В Париже, где она была героиней дня, где в ее честь давались многочисленные празднества, обеды, ужины и произносились восторженные тосты, где с утра до ночи она принимала и отдавала визиты, для Ковалевского у нее не оказалось свободной минуты. Он находился с ней рядом, но был более далеким и чужим, чем любой из поздравлявших французов. Софья Васильевна не мирилась с мыслью, что женское счастье она могла бы приобрести, лишь отказавшись, как ставил условием Максим Ковалевский, от научной деятельности, от своего с таким трудом завоеванного положения женщины-профессора. И расстаться с мечтой о любви тоже казалось нелегким.
После торжеств Ковалевский уехал в Ниццу. А Софья Васильевна, возвращаясь с какого-нибудь вечера, устроенного в ее честь, ходила по комнате всю ночь напролет. Ослабленная работой, она не имела сил справиться с собой.
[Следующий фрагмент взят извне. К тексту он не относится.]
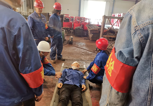上午9點(diǎn)40分演練開始,事故模擬發(fā)生在一車間生產(chǎn)線上,有1名作業(yè)人員被廠房掉落的隅撐砸中頭部昏迷。車間主任迅速趕往事故發(fā)生地點(diǎn)并向公司應(yīng)急救援總指揮報告事故情況,公司應(yīng)急救援總指揮接到電話,迅速趕赴現(xiàn)場,啟動緊急救援預(yù)案。調(diào)動各小組立即趕往事故現(xiàn)場,按照公司應(yīng)急救援預(yù)案開展救援,與此同時現(xiàn)場救援組立即將擔(dān)架抬至事故現(xiàn)場。通訊聯(lián)絡(luò)組立即模擬撥打120求救電話,后勤保障組攜帶止血繃帶、紗布、急救物品進(jìn)行應(yīng)急處理,讓"傷員"平躺,為防止有骨折,腿和手部加以臨時固定。接著運(yùn)輸車輛已等在門口,并通知醫(yī)院急救室做好接待傷員準(zhǔn)備。九點(diǎn)五十分,車輛出發(fā),救護(hù)組陪同,開往醫(yī)院。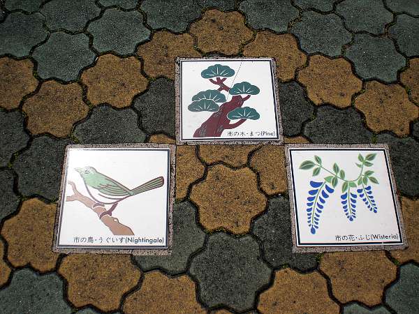 歩道のあちこちに市の「花・鳥・木」をデザインしたタイルが使われている(左・左写真=9:36)。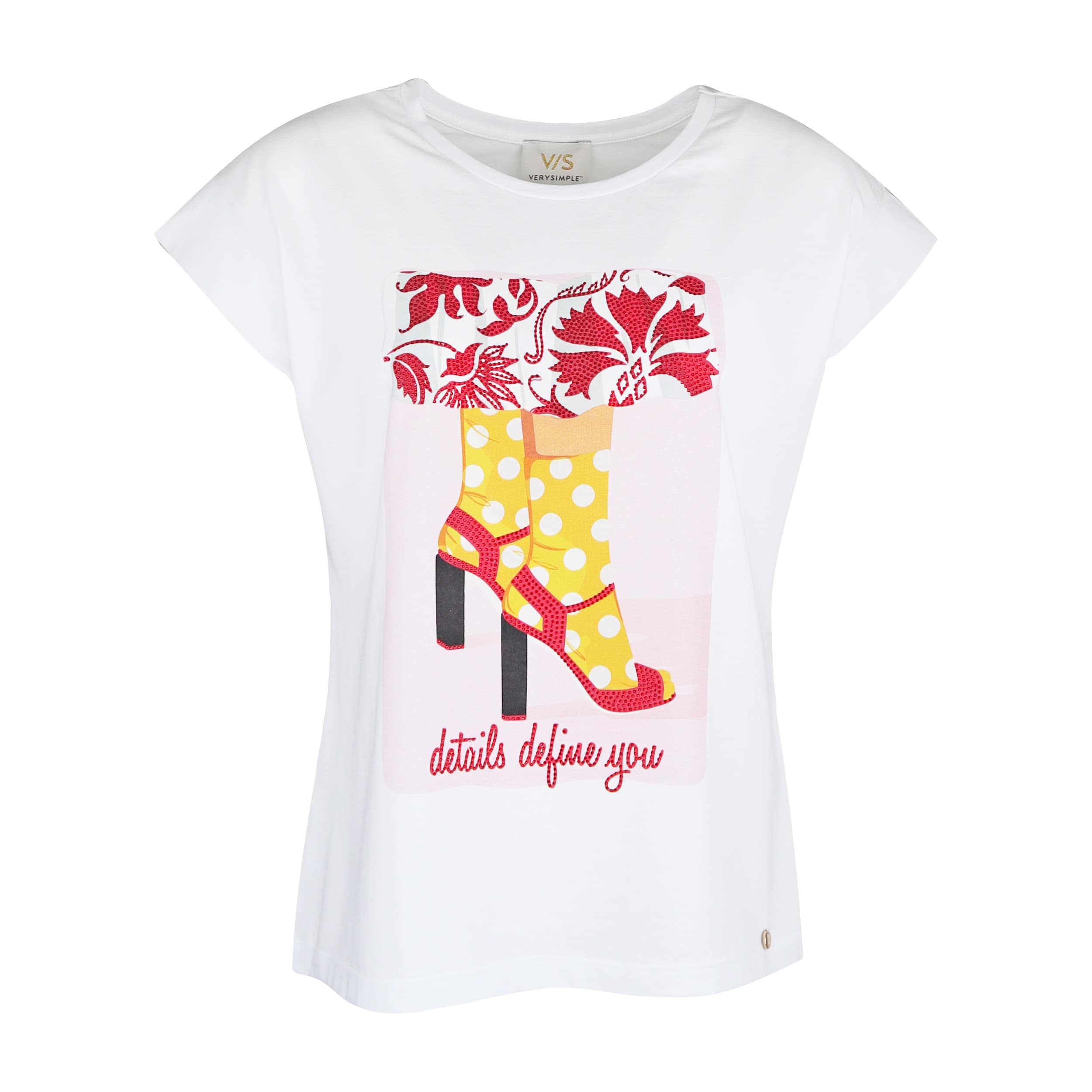 Wit t-shirt van Verysimple. Dit shirt heeft korte vleermuis mouwen en een ronde hals. Aan de voorzijde staat een afbeelding van een sandaal en de tekst details define you. Alle rode vlakken zijn versiert met rode kralen.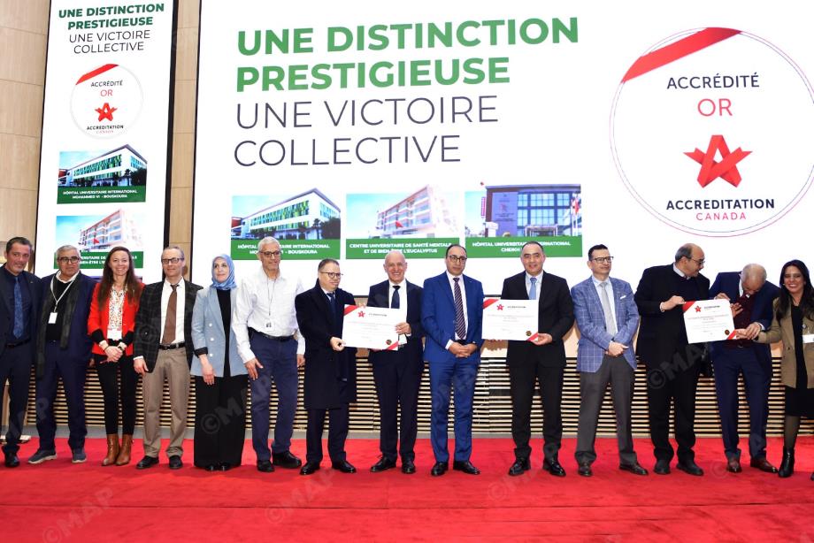 جرى، بالدار البيضاء، تنظيم حفل بمناسبة حصول المستشفى الجامعي الدولي محمد السادس ببوسكورة، والمركز الجامعي للطب النفسي الأوكالبتوس، والمستشفى الجامعي الدولي الشيخ خليفة، التابعين لمؤسسة محمد السادس للعلوم والصحة (FM6SS)، على الاعتماد الدولي الكندي - المستوى الذهبي.

В одну из таких бессонных ночей Ковалевская написала Миттаг-Леффлеру: «Как я благодарна вам за вашу дружбу! Да, право, я начинаю думать, что это единственно хорошее, что было послано мне в жизни, и как мне совестно, что я до сих пор так мало сделала, чтобы доказать вам, как глубоко я ценю ее. Но не вините меня за это, дорогой Геста: я, право, совершенно не владею собой в настоящую минуту. Со всех сторон мне присылают поздравительные письма, а я, по странной иронии судьбы, еще никогда не чувствовала себя такой несчастной, как теперь. Несчастна, как собака! Впрочем, я думаю, что собаки, к своему счастью, не могут быть никогда так несчастны, как люди, и, в особенности, как женщины.
Но я надеюсь со временем сделаться благоразумнее. По крайней мере употреблю все усилия, чтобы приняться вновь за работу и заинтересоваться практическими вещами, и тогда я, конечно, отдамся всецело под ваше руководство и буду делать все, что вы захотите.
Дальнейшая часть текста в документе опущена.